Baltimore-born Levinson had evolved from television comedy writing in Los Angeles to scriptwriting for Mel Brooks’s Silent Movie and High Anxiety to the semiautobiographical Diner. He, too, found the mythology of The Natural appealing. For Diner, he had abandoned conventional narrative to tell his story through vignettes. The originality of Towne’s approach, which emphasized Malamud’s fancy, was, to him, hypnotic: “First of all, I was attracted by Bob’s personal attachment. Secondly, I am a huge baseball fan, just like Bob. But more than anything, I was won over by Malamud’s story and Towne’s development of it. It was simply one of the best things I’d ever read. Towne took this intricate tale and turned it into an edifying story about goodness. Bob didn’t have to convince me. I said, ‘Yes, yes, this will do.’ ”

A flood of creative ideas flowed between actor and director. Redford decided, as an homage, to adopt Ted Williams’s number, 9. It was also decided that the photography by cinematographer Caleb Deschanel would take its cue from a character in the novel, Judge Banner, who refers to people in terms of darkness and light. The opposing female figures, the gunwoman Harriet and the bighearted Iris, would be depicted in darkness and iridescence, respectively. Hobbs’s childhood would be shown in a two-color sepia-like palette that would emphasize the pale greens and burnt yellows of a summery Midwest. These conceptualizations were planned in detail with Redford and carefully hand-drawn before a foot of film was shot. “What Bob and I wanted from the movie was lightness and irony,” says Levinson, “though most of the critics eventually chose to see it as a serious, even grim, piece of work.”

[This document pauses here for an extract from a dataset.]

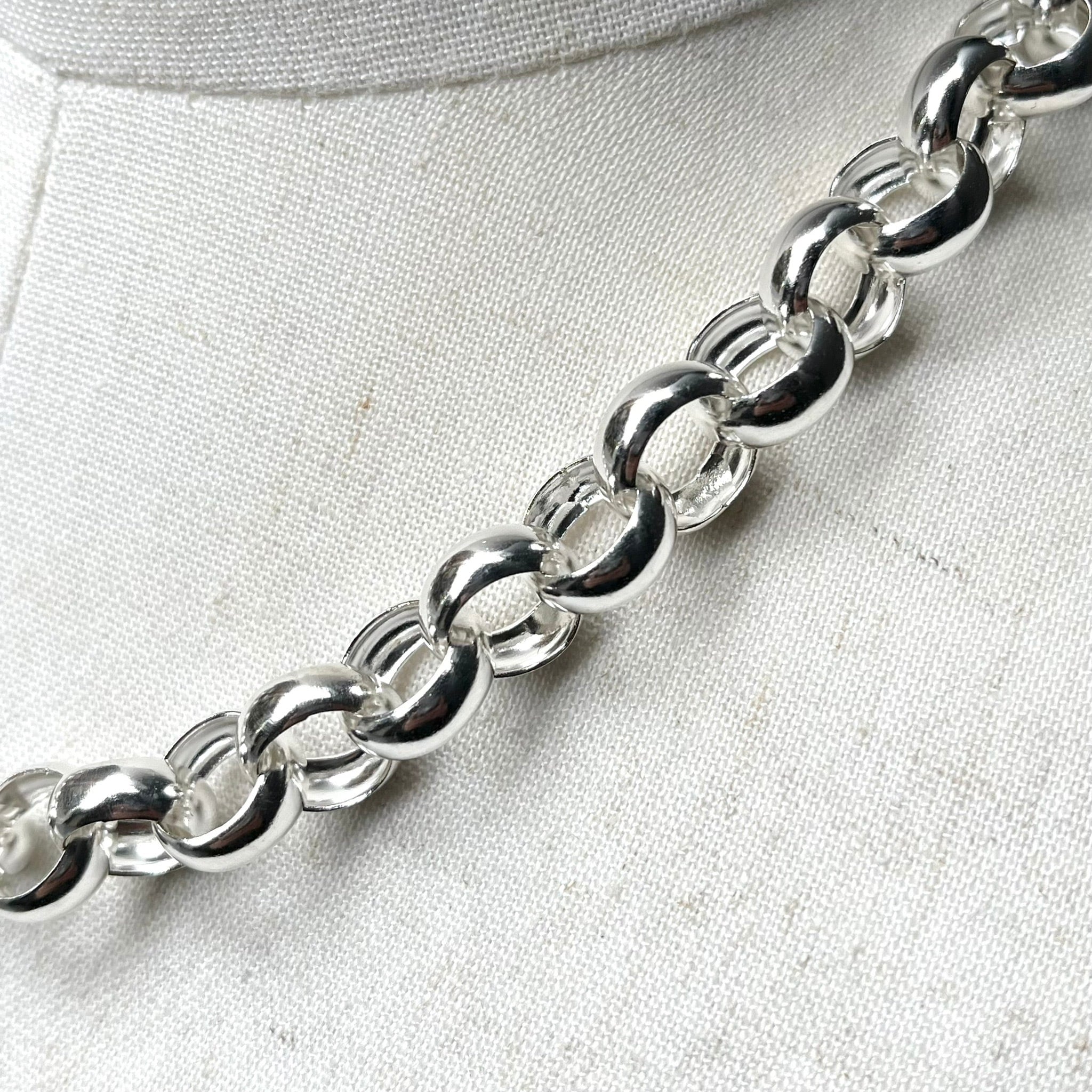 シルバーの滑らかな質感を存分に味わえる、ボリュームのある丸みを帯びたラウンドリンクチェーンです。ヴィンテージライクな要素と現代的なミニマリズムが融合したデザインで、確かな存在感と上品さを兼ね備えた、主役級の逸品です。

Through June 1983 Redford prepared for the movie with a rigorous fitness routine that included weeks of batting practice with a team of semipro players. He phoned Ted Williams, who was fishing in Nova Scotia and missed his call. Williams would later affectionately acknowledge Redford’s homage and send him signed memorabilia. “It was the best place to be,” says Redford, “full of childhood dreaming and hardball playing. After my long absence, I was ready for a good movie.”

The Natural would fulfill the first part of a two-picture deal that Gary Hendler had brokered for him with Columbia two years before. But Hendler was no longer Redford’s legal counsel—he was the president of a new movie company, TriStar, a partnership between divisions of Columbia, HBO and CBS, which had inherited The Natural. The men took a walk on the beach at Malibu to discuss Hendler’s new role. They had been together for sixteen years, and Redford was happy to credit his friend with enormous help in building his career and holding on to Sundance.